ACTIVITY: Could you write out the listing below exactly as it stands, leaving out the pictures?

*** STORED DATA ***

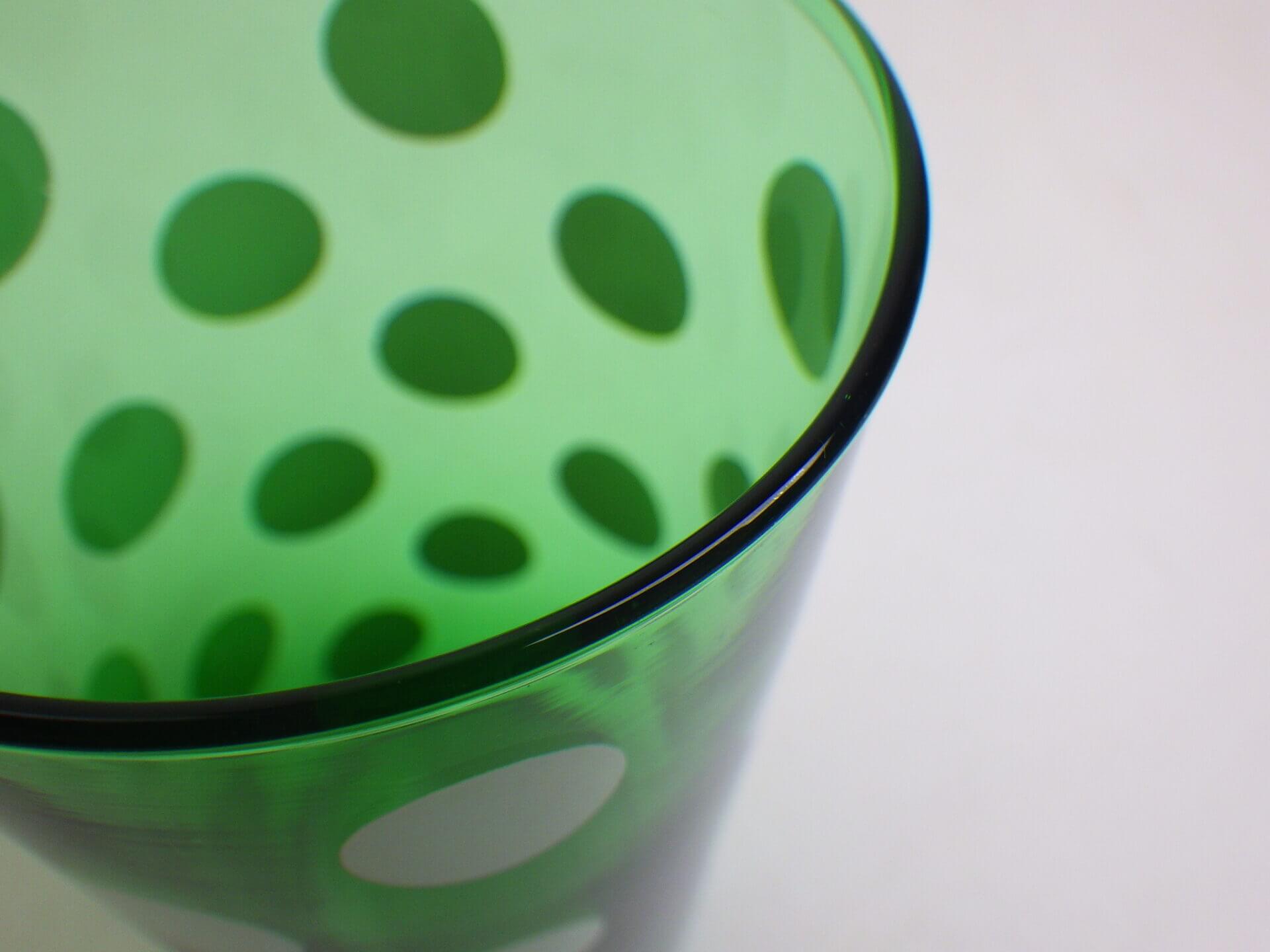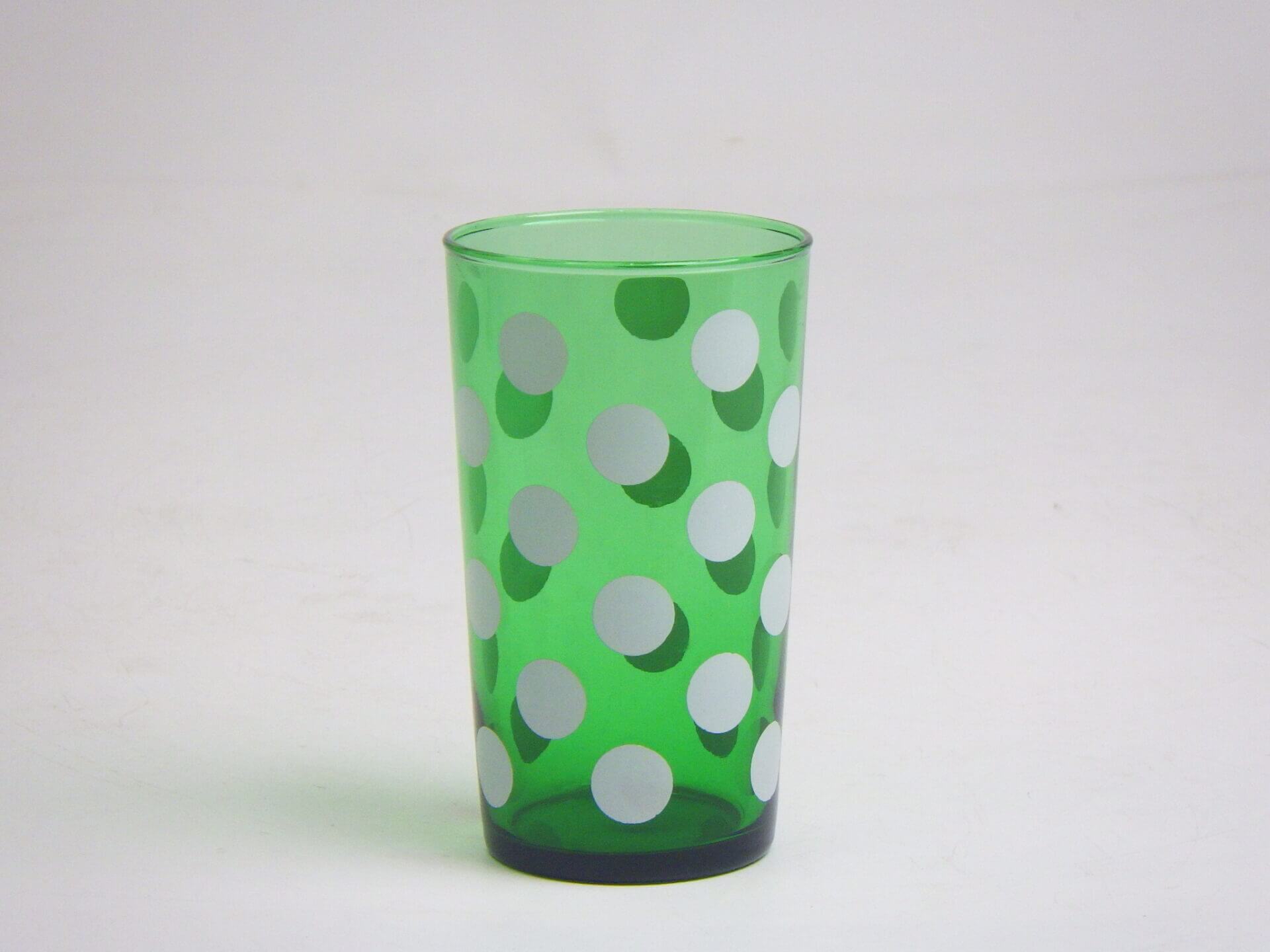 | ファイヤーキングでお馴染みの「アンカーホッキング社」製のガラスのタンブラーです。 深いグリーンが美しいこちらは、フォレストグリーンのホワイトドットシリーズです。 |
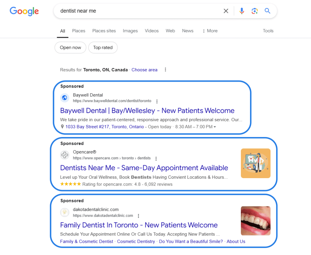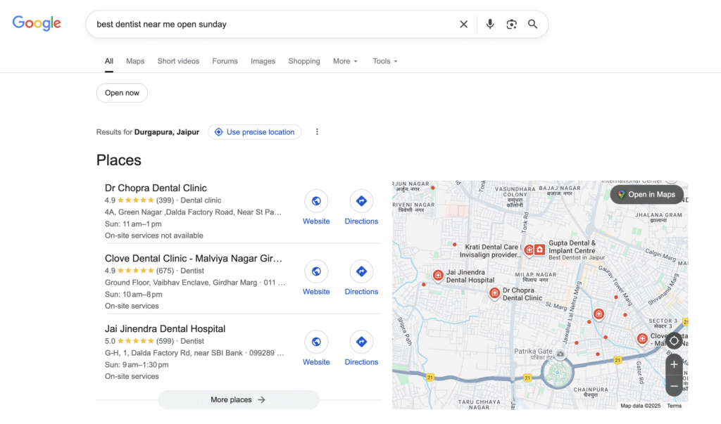 I did a quick Google search for the query “best dentist near me open sunday” and look at the top three results displayed.
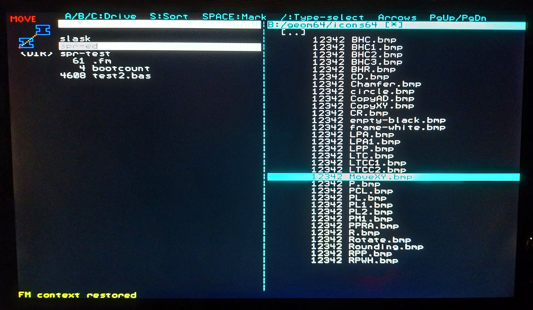 I went through a number of "my own ICON files" in BMP format, all files the same size. But at the 33rd one that I was going to look at, it gives Error: Not enough memory. I close FM and start it up again. Tried doing the same thing again, at the 33rd one it gives Error: Not enough memory. Not a big deal for me, just a note from me...

*** End of STORED DATA ***

ANSWER SPACE:
 | ファイヤーキングでお馴染みの「アンカーホッキング社」製のガラスのタンブラーです。 深いグリーンが美しいこちらは、フォレストグリーンのホワイトドットシリーズです。 |
 I did a quick Google search for the query “best dentist near me open sunday” and look at the top three results displayed.
 I went through a number of "my own ICON files" in BMP format, all files the same size. But at the 33rd one that I was going to look at, it gives Error: Not enough memory. I close FM and start it up again. Tried doing the same thing again, at the 33rd one it gives Error: Not enough memory. Not a big deal for me, just a note from me...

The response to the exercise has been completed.